Conceptual Security Framework for Mobile Banking Key Authentication and Message Exchange Protocols: Case of Ethiopian Banks

Abstract

Many people are using their mobile devices such as smart phones to access various online services on a daily basis. In particular, mobile banking applications are increasingly becoming popular. Despite popularity however, there seem to be some very genuine concerns on the security issues revolving around it, particularly in regard to man in the middle attacks. Many banks in Ethiopia are offering mobile banking services which allow bank customers to check balance in their personal account and to transfer money between accounts at any time by simply using mobile banking applications installed on their mobile devices. According to the survey analysis we made all banks in Ethiopia implementing Mobile Banking services we motivated to facilitate some security landscapes focusing only on the bank - side and believed that customer - side security is up to the customer to worry about. However, it has been identified that the major security threat is social engineering and its loopholes are customer - side security related. The current situation observed in the Ethiopian Banking industry is that the technology of mobile banking applications are far from totally clean and mature.

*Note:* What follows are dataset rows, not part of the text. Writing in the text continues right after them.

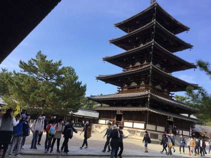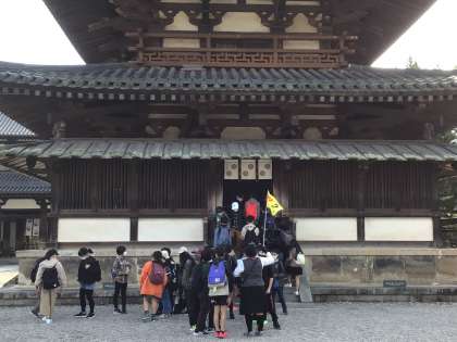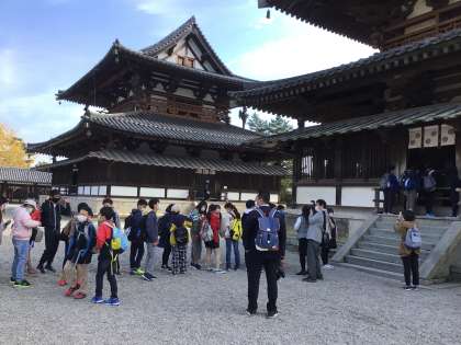 学級ごとに法隆寺の見学です。本物の本堂と五重塔に感嘆の声があがっています。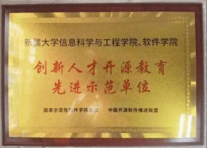 由于在计算机开源教育方面做出的重要贡献,新疆大学信息科学与工程学院(网络空间安全学院)、软件学院在第四届中国计算机教育大会上荣获“创新人才开源教育先进示范单位”称号。该评选由示范性软件学院联盟、中国开源软件推进联盟、中国软件行业协会、开放原子开源基金会等共同发起,旨在以计算机开源教育为牵引,对高校人才培养体系重塑和升级。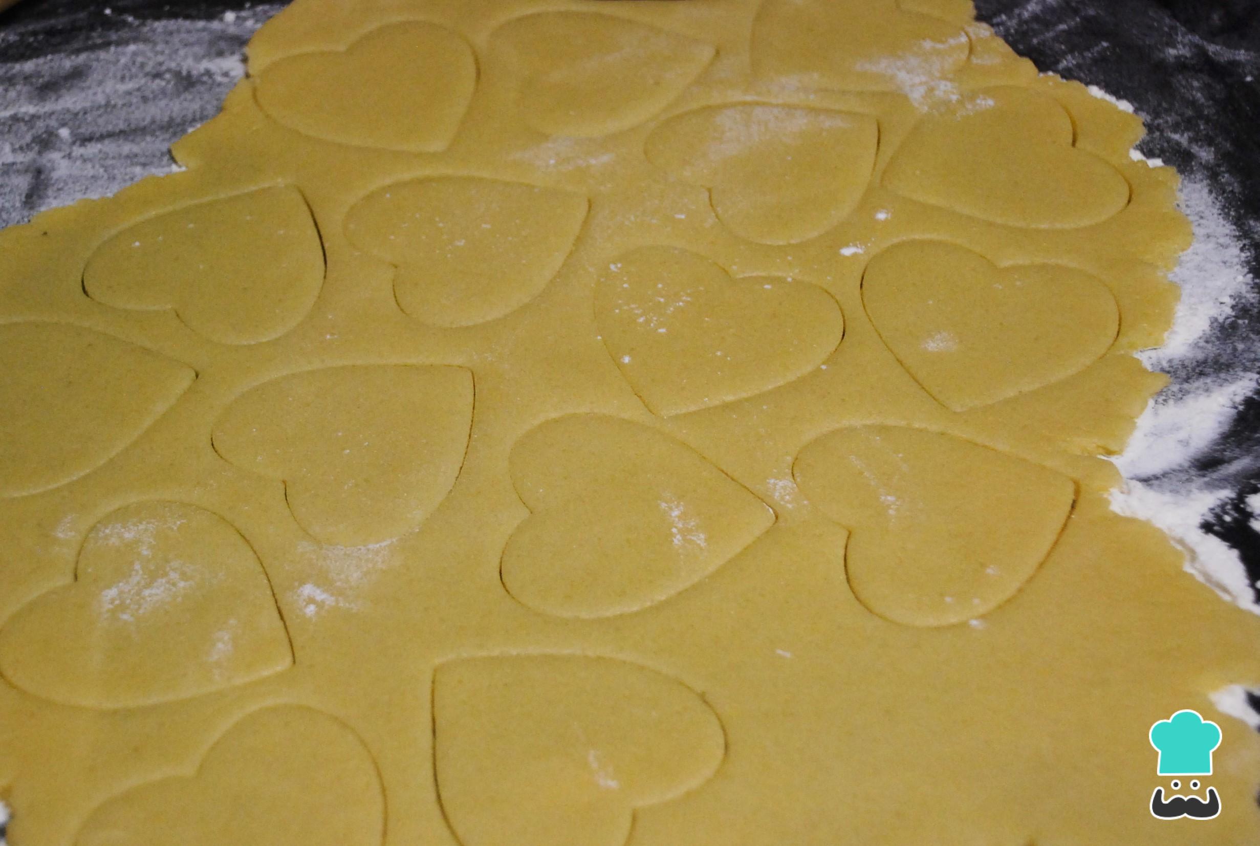 A continuación, saca la masa del refrigerador y estírala sobre una superficie que hayas enharinado previamente. Puedes ayudarte de un rodillo si lo tienes. Estira hasta que la masa quede de un centímetro o dos de grosor. Utiliza un corta pastas o un cuchillo para que cortes las galletas de la forma que prefieras, en este caso haremos galletas con forma de corazón.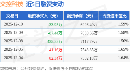 证券之星消息,12月10日,交控科技(688015)融资买入477.11万元,融资偿还511.06万元,融资净卖出33.95万元,融资余额6996.4万元。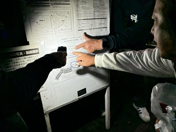 決定戦の釣り座抽選を行っています。緊張の瞬間です。誰と並ぶかな?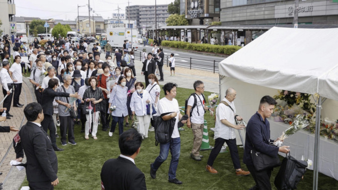 由自民党奈良县党部等人士组成的团体,于周六上午8时30分左右,在安倍遭枪击的近铁大和西大寺站前附近设置献花台,前来悼念的民众将鲜花围着献花台上的安倍遗照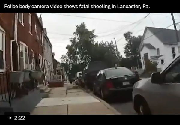 Video from the officer’s body camera, released by the Lancaster County district attorney’s office, shows a woman exiting a building as the officer asks, “Where did he go?” The suspect then rushes out of the building and the officer starts to run, before shooting at the man several times.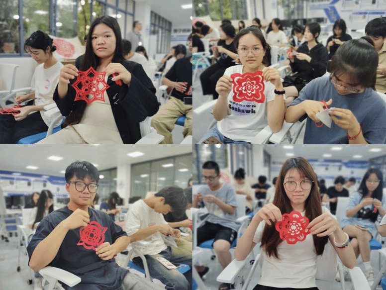 在讲座中,钟昀睿老师向同学们介绍了剪纸艺术的起源、发展历史及其在中国传统文化中的重要地位,并通过示范详细讲解了剪团花的步骤和技巧要点。随后,同学们亲自动手,跟随老师的指导进行剪纸实操,体验传统剪纸艺术的魅力。通过生动的演示和互动,同学们不仅了解了剪纸的基本技艺和技术要点,还深入体验了剪纸艺术所蕴含的传统文化和艺术魅力。23造价(水利)1班的张云潇同学很有感触地说:“剪纸是中国非物质文化遗产,透过一幅幅作品,我看到了中国人民丰富多彩的生活场景,以及对美好生活的向往。今天在钟老师的教导下,自己动手制作剪纸,栩栩如生的手工作品展现在面前,特别有成就感。”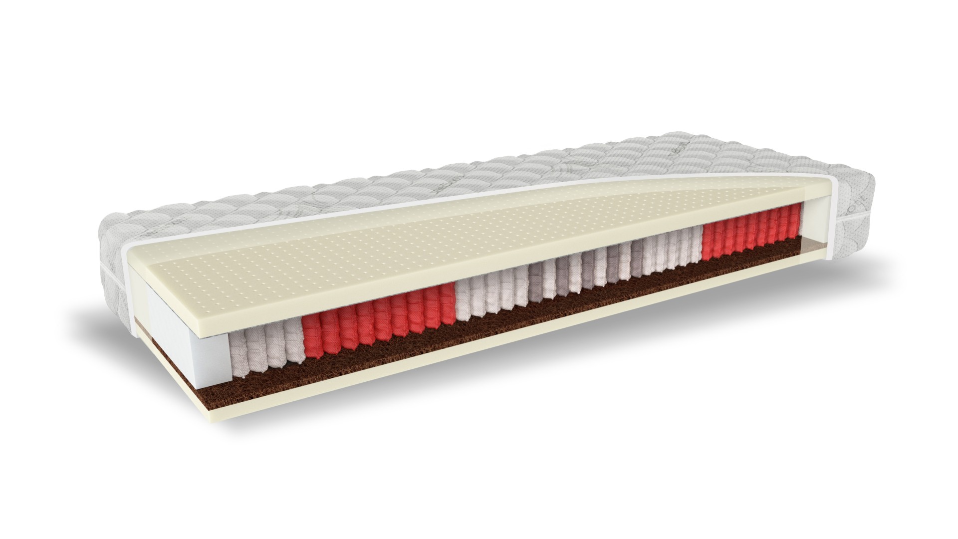 Prémiový matrac s 500 mikropružinkami na m². Prémiový matrac z prírodných materiálov s taštičkovou pružinou MICROPOCKET a zónovou technológiou 7Fyzio. Latexová pena PREMIUM a pružné kokosové vlákno FlexiKokos sa postará o pohodlný a zdravý spánok. Zónová pružina optimálne podporí všetky časti tela.

This research demonstrates that there is a strong pressure on mobile banking application developers to take care of not only users‟ privacy but also the banks security. The result of this research will help Ethiopian banks to revisit their focus of attention in constructing and implementing customer side security to reduce from man – in - the - middle attacks logically tied to this channel of banking service. It is shown that, the functionality of the proposed framework will help to reduce risk scenarios for mobile banking key authentication and message exchange protocols.